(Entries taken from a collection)

----

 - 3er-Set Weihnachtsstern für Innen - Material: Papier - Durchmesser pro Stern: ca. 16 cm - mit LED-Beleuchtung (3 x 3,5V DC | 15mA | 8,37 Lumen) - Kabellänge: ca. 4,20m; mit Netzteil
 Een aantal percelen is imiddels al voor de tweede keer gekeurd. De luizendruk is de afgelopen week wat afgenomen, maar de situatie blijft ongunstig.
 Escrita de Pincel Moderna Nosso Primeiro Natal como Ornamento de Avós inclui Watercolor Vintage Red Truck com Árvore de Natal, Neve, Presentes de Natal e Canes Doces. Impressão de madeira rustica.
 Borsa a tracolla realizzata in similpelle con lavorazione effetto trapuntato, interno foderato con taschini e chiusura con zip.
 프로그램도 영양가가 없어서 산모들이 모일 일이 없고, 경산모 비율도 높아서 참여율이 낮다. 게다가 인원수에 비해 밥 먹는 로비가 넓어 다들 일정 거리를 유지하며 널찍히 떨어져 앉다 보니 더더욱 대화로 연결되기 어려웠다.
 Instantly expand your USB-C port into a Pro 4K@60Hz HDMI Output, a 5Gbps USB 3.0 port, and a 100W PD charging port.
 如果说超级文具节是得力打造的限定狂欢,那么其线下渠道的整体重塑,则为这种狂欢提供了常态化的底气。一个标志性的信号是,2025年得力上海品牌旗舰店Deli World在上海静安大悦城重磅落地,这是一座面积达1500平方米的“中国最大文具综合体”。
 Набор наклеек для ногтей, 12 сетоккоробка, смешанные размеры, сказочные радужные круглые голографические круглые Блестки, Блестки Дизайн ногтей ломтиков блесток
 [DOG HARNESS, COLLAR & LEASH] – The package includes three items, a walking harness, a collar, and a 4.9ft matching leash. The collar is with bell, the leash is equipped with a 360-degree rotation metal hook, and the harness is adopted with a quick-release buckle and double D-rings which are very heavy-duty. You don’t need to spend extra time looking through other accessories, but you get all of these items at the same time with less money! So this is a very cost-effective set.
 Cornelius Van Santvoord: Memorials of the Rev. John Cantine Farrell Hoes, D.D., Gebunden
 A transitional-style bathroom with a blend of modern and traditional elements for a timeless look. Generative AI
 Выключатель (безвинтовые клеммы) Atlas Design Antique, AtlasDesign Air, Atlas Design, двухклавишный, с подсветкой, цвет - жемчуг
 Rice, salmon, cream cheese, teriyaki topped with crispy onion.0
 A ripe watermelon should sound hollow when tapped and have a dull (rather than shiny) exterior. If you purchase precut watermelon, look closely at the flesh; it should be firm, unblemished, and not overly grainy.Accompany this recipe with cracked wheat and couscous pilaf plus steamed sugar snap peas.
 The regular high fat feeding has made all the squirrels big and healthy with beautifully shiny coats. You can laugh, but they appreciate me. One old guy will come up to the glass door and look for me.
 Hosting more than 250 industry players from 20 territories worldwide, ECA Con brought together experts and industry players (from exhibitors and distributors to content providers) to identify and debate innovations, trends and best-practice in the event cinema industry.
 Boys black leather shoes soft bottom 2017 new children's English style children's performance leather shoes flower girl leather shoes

----

— PROBLEM STATEMENT —
Every piece of the data is to be set down again exactly.

— TASK OUTPUT —
 - 3er-Set Weihnachtsstern für Innen - Material: Papier - Durchmesser pro Stern: ca. 16 cm - mit LED-Beleuchtung (3 x 3,5V DC | 15mA | 8,37 Lumen) - Kabellänge: ca. 4,20m; mit Netzteil
 Een aantal percelen is imiddels al voor de tweede keer gekeurd. De luizendruk is de afgelopen week wat afgenomen, maar de situatie blijft ongunstig.
 Escrita de Pincel Moderna Nosso Primeiro Natal como Ornamento de Avós inclui Watercolor Vintage Red Truck com Árvore de Natal, Neve, Presentes de Natal e Canes Doces. Impressão de madeira rustica.
 Borsa a tracolla realizzata in similpelle con lavorazione effetto trapuntato, interno foderato con taschini e chiusura con zip.
 프로그램도 영양가가 없어서 산모들이 모일 일이 없고, 경산모 비율도 높아서 참여율이 낮다. 게다가 인원수에 비해 밥 먹는 로비가 넓어 다들 일정 거리를 유지하며 널찍히 떨어져 앉다 보니 더더욱 대화로 연결되기 어려웠다.
 Instantly expand your USB-C port into a Pro 4K@60Hz HDMI Output, a 5Gbps USB 3.0 port, and a 100W PD charging port.
 如果说超级文具节是得力打造的限定狂欢,那么其线下渠道的整体重塑,则为这种狂欢提供了常态化的底气。一个标志性的信号是,2025年得力上海品牌旗舰店Deli World在上海静安大悦城重磅落地,这是一座面积达1500平方米的“中国最大文具综合体”。
 Набор наклеек для ногтей, 12 сетоккоробка, смешанные размеры, сказочные радужные круглые голографические круглые Блестки, Блестки Дизайн ногтей ломтиков блесток
 [DOG HARNESS, COLLAR & LEASH] – The package includes three items, a walking harness, a collar, and a 4.9ft matching leash. The collar is with bell, the leash is equipped with a 360-degree rotation metal hook, and the harness is adopted with a quick-release buckle and double D-rings which are very heavy-duty. You don’t need to spend extra time looking through other accessories, but you get all of these items at the same time with less money! So this is a very cost-effective set.
 Cornelius Van Santvoord: Memorials of the Rev. John Cantine Farrell Hoes, D.D., Gebunden
 A transitional-style bathroom with a blend of modern and traditional elements for a timeless look. Generative AI
 Выключатель (безвинтовые клеммы) Atlas Design Antique, AtlasDesign Air, Atlas Design, двухклавишный, с подсветкой, цвет - жемчуг
 Rice, salmon, cream cheese, teriyaki topped with crispy onion.0
 A ripe watermelon should sound hollow when tapped and have a dull (rather than shiny) exterior. If you purchase precut watermelon, look closely at the flesh; it should be firm, unblemished, and not overly grainy.Accompany this recipe with cracked wheat and couscous pilaf plus steamed sugar snap peas.
 The regular high fat feeding has made all the squirrels big and healthy with beautifully shiny coats. You can laugh, but they appreciate me. One old guy will come up to the glass door and look for me.
 Hosting more than 250 industry players from 20 territories worldwide, ECA Con brought together experts and industry players (from exhibitors and distributors to content providers) to identify and debate innovations, trends and best-practice in the event cinema industry.
 Boys black leather shoes soft bottom 2017 new children's English style children's performance leather shoes flower girl leather shoes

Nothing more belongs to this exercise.